You stroll through the street and you see new signs like the one here or the one above of the girl frisking the soldier. How amazing is that drawing in what its capturing. The people taking over and the soldiers being arrested and searched. You can actually feel it in the people in the way they carry themselves. They know that if they had to they would rise up against anyone. Yes this includes you America. They know what you did to them in the past
Tourist and travelers come to Nicaragua and enjoy everything it has to offer. From volcanoes, great beaches, colonial towns and a dollar that stretches far. It is a place so many are scared of because of it's past and so many are enthralled with because of its present and future. My question would be, how many know what happened here even 25 years ago. Is it something they have in the back of their mind and say "yeah cool, this place was a war zone" or "Oliver North had something to do here". Do people know the difference between the struggles in Guatemala, Honduras, El Salvador and Nicaragua and that they are all separate countries or are they are just melted into one big "shit, I would never go there" place.
If you walk the streets and see vendors or talk to anyone over 35 you have to realize they lived it. Anyone over 45 probably fought in it. The cab driver or shop owner could have been a guerrilla commander and yes sir, there are people walking and working here that have fought and killed. There are families here who have suffered. I am sure the lady that owns the place I am staying at has lots to talk about however it is not something you bring up over morning coffee.
"Good morning Marie, sleep well? Oh can you tell me about what it was like living in the capital of the Sandinista movement and what it was like to have tanks rolling down the street in front of your house? Were you a fighter or protector of soldiers. Did you see much bloodshed? Anyone from your family get killed? ...oh and can you pass the salt for my eggs.

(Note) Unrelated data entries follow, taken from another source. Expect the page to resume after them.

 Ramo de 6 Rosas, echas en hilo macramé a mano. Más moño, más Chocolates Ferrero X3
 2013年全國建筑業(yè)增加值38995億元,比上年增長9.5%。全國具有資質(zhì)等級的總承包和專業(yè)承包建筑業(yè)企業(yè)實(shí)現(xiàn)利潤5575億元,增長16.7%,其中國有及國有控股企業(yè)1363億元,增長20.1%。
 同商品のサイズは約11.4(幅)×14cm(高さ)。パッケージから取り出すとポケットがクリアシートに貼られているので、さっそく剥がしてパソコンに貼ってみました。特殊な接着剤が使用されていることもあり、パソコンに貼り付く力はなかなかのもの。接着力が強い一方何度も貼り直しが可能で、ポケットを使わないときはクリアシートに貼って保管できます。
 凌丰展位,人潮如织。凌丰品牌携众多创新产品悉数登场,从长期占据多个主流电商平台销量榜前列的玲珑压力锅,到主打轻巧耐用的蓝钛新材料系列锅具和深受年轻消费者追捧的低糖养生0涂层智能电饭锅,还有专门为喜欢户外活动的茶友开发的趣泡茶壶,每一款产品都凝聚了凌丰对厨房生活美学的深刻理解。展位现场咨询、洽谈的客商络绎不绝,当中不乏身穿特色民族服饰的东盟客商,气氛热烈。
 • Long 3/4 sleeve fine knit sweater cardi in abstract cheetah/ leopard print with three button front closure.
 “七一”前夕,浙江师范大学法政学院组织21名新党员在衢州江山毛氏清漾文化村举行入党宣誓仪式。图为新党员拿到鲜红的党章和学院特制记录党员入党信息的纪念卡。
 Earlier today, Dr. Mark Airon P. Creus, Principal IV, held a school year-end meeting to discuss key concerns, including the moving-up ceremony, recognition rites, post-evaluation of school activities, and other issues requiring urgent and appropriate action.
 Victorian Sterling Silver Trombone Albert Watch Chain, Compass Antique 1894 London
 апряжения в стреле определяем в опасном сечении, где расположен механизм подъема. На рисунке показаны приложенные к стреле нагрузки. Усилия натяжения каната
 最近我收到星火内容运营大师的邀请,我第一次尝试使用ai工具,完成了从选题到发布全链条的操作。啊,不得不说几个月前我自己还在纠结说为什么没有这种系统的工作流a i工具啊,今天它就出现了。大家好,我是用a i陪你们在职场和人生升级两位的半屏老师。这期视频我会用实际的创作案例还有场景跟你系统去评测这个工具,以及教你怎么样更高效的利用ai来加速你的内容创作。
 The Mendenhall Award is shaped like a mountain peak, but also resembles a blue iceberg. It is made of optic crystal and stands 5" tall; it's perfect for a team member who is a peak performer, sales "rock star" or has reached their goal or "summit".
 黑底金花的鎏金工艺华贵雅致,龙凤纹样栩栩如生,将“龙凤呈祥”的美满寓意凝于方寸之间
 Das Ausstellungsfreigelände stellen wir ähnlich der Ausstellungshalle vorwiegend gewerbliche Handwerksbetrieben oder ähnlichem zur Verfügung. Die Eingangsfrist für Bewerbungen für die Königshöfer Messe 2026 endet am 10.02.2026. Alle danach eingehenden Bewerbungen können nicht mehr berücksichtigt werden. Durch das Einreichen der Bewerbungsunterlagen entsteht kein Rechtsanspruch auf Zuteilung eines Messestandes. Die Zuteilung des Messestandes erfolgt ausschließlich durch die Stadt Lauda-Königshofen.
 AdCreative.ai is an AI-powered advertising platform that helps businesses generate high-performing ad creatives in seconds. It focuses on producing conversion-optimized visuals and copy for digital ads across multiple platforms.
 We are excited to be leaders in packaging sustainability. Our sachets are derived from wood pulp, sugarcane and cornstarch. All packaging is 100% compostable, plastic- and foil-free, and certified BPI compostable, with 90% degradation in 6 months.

History runs deep here. Political passion is integrated into every aspect of life. There is a sense of quiet pride even with the street vendors. I did not feel this in Guatemala or Honduras and touched on it in El Salvador however did not spend enough time there. As an aside I was in Suchitoto El Salvador a few years ago. A town that was completely evacuated during their revolution. There was a tour you could take (but I missed it for some reason), where you can horse trail ride through the surrounding jungles with former revolutionary soldiers. They tell their stories including how the Americans use to bomb them. Travel to their forts and hideouts all the while giving you first hand accounts. Living History that should scare the sh** out of us. But like most history, it passes and gets forgotten.
I will continue to take pictures of street art, historical art, political art or whatever we are going to call it. I am going to take some pictures of local people (with their permission of course) so you can see what a possible revolutionary looks like. There are older guys on the street here that just have that knowing look but are as helpful as anyone.
I think this is why I came back to Nicaragua. There is a not so subtle pride here based on a violent and turbulent modern history. The people take nothing for granted and are polite to a fault.
I have students who apologize for questioning me when I teach them something and apologize again because they do not want to insult me then wait for me after class to compliment me so as to offset their perceived indiscretion. These same students who were raised by parents who formed a Sandinista movement that overthrew three generations of a corrupt and abuse government in a violent revolution.